**Work order:** Set the pictures aside and write down, exactly as they appear, the lines from the one containing "CAUTION: Cutter edge" through the end of the material.

**Input data:**
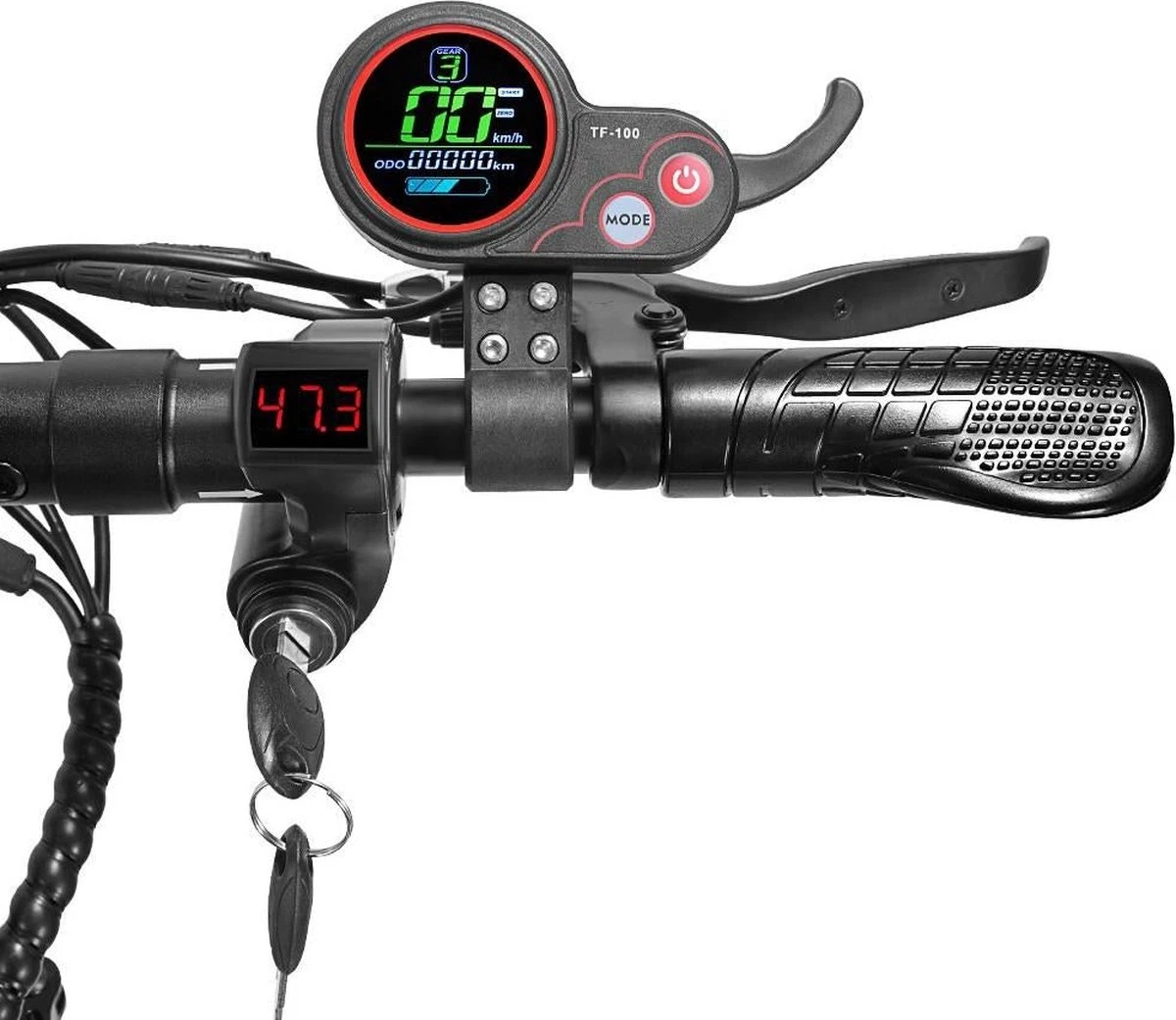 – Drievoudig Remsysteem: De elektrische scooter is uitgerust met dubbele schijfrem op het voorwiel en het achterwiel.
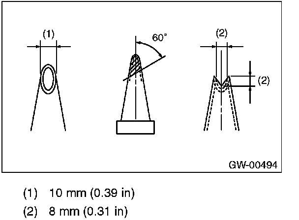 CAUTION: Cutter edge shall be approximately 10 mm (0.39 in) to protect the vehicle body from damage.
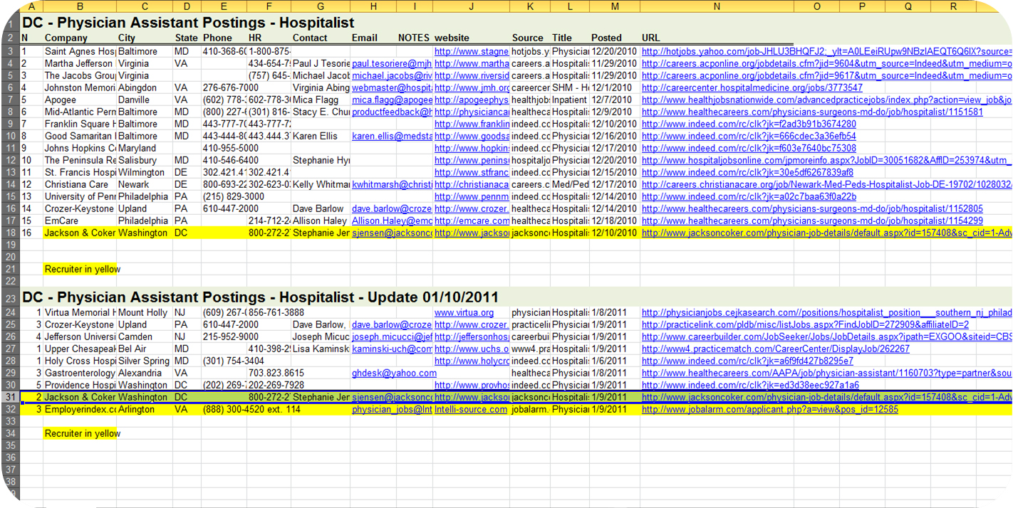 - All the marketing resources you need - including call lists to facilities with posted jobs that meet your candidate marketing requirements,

**Answer to this exercise:**
 CAUTION: Cutter edge shall be approximately 10 mm (0.39 in) to protect the vehicle body from damage.
 - All the marketing resources you need - including call lists to facilities with posted jobs that meet your candidate marketing requirements,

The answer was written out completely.